Бисмарк. «Железный канцлер» — страница 2 из 99

Насколько опасным может быть для небольшой страны даже короткий период стагнации, продемонстрировали Наполеоновские войны. Пруссия вступила в них последней из великих европейских держав, в 1806 году, когда усилившаяся Франция начала всерьез ущемлять ее интересы. В течение нескольких недель прусская армия, почивавшая на лаврах побед Фридриха Великого, была наголову разгромлена под Йеной и Ауэрштедтом, а сама страна оказалась под угрозой исчезновения с карты Европы. Хотя Гогенцоллернам удалось сохранить свой трон, по условиям Тильзитского мира 1807 года Пруссия потеряла значительные территории и скатилась до положения второразрядной державы, зависимой от Франции.

Реакцией на унижение стала серьезная модернизация государства. В течение нескольких лет было сделано больше, чем за все предыдущее столетие. Серия преобразований, проведенных в 1807–1814 годах, получила название «Прусских реформ». Они были связаны, в первую очередь, с именами государственных деятелей Карла фон Штейна и Карла Августа фон Гарденберга, а также генералов Шарнхорста и Гнейзенау (в военной сфере). Реформаторы освободили крестьян от остатков крепостной зависимости, создали прекрасную систему всеобщего образования, значительно улучшили городское управление, убрали многие преграды на пути дальнейшего экономического развития страны. Понятно, что все эти реформы были, в конечном счете, направлены на одну главную цель — сделать Пруссию конкурентоспособной в военном отношении.

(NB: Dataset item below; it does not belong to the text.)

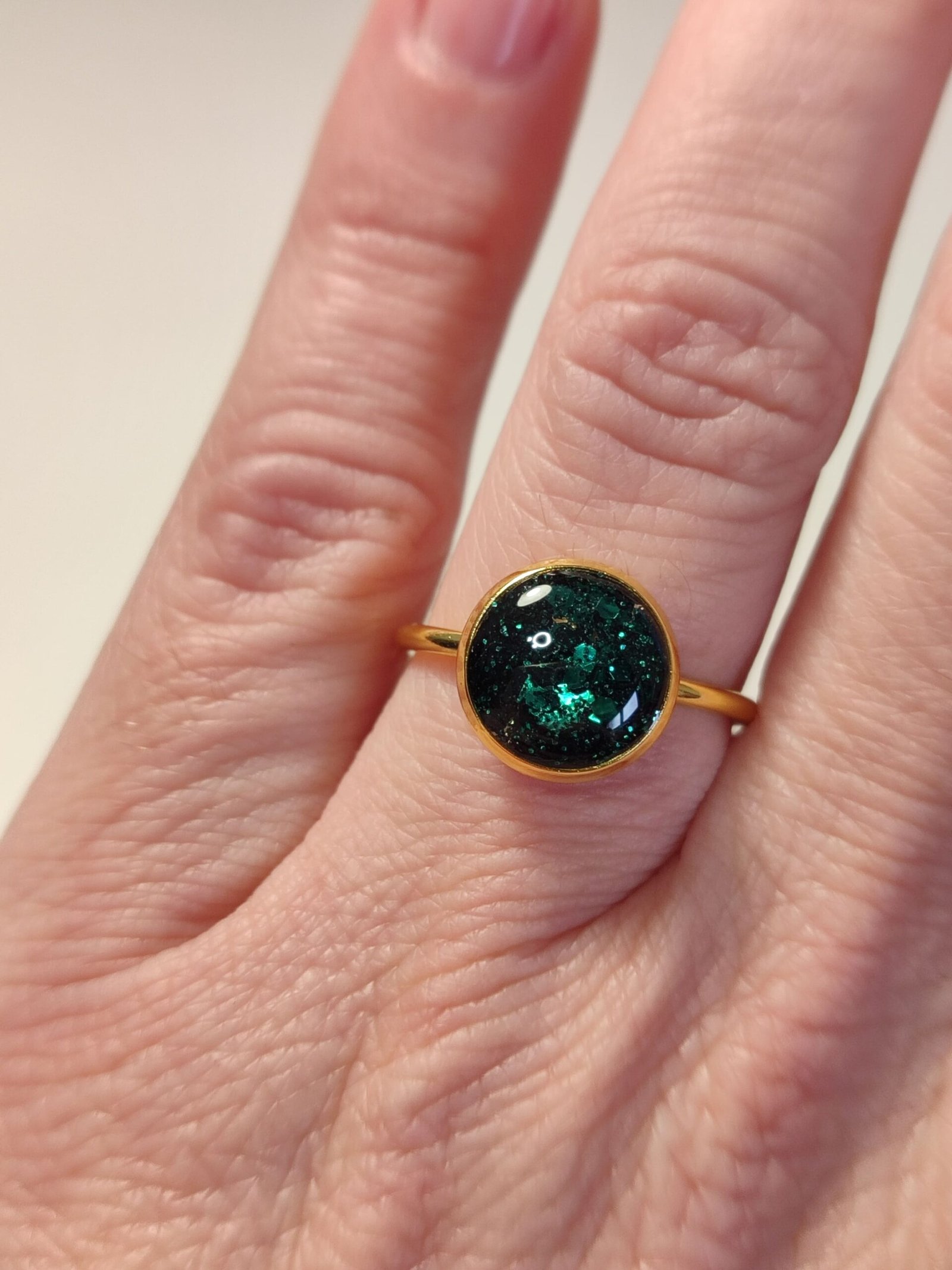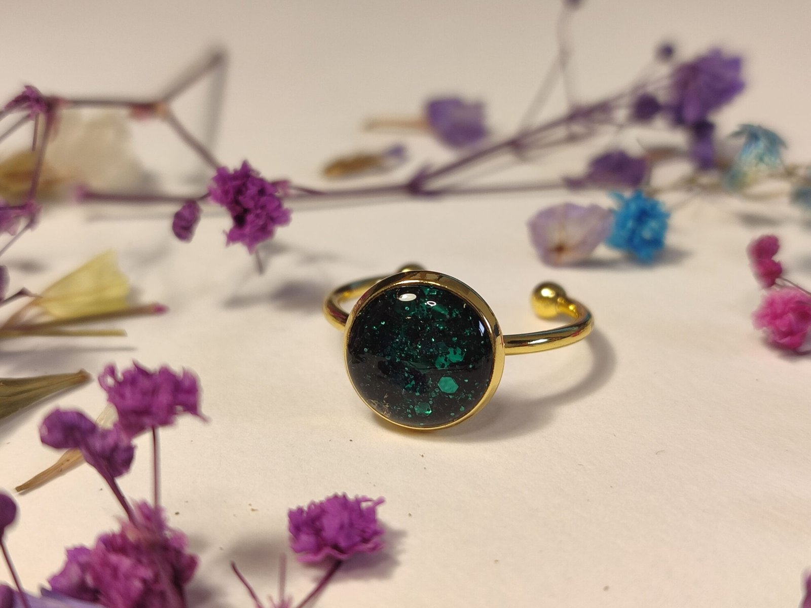 Anillo ajustable de acero inoxidable con PURPURINA HOLOGRÁFICA encapsulada en resina.
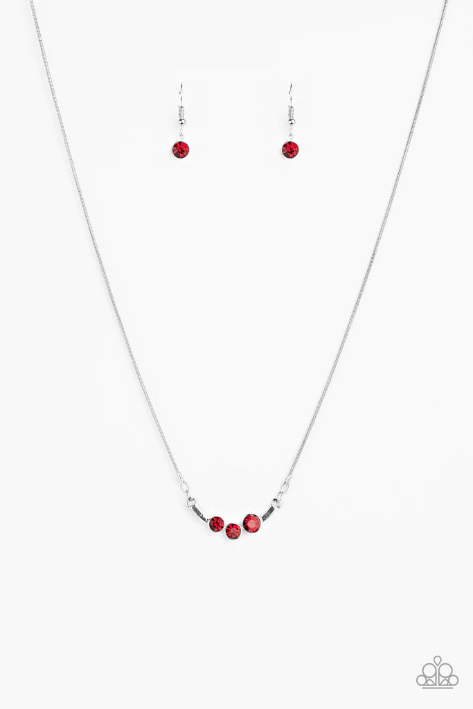 A trio of glittery red rhinestones are encrusted along a bowing silver bar, creating a stellar pendant below the collar. Features an adjustable clasp closure.

Изображая из себя лояльного союзника наполеоновской Франции, прусская правящая элита на деле готовилась к новой схватке. Ждать оставалось недолго. В 1812 году прусские части вместе с Великой армией Наполеона вторглись в Россию. Действовали они самостоятельно на дальнем фланге и особого рвения не проявляли. А когда французский император с жалкими остатками некогда грозного войска откатился за Неман, смысла воевать с Россией и вовсе не стало. И прусский генерал Йорк — пока еще без официальной поддержки робкого короля Фридриха Вильгельма III — заключил с русскими 30 декабря Таурогенскую конвенцию о совместных действиях против Наполеона.

1813 год открыл эпоху возрождения Пруссии. Страна освободилась от французского ига, настало время национального подъема. Армия, в которую в течение года влилось 280 тысяч человек — около 6 % от всего населения страны — в кровавых битвах смыла недавний позор. Прусские войска внесли значительный вклад в победу над Наполеоном, окончательно одержанную к 1815 году.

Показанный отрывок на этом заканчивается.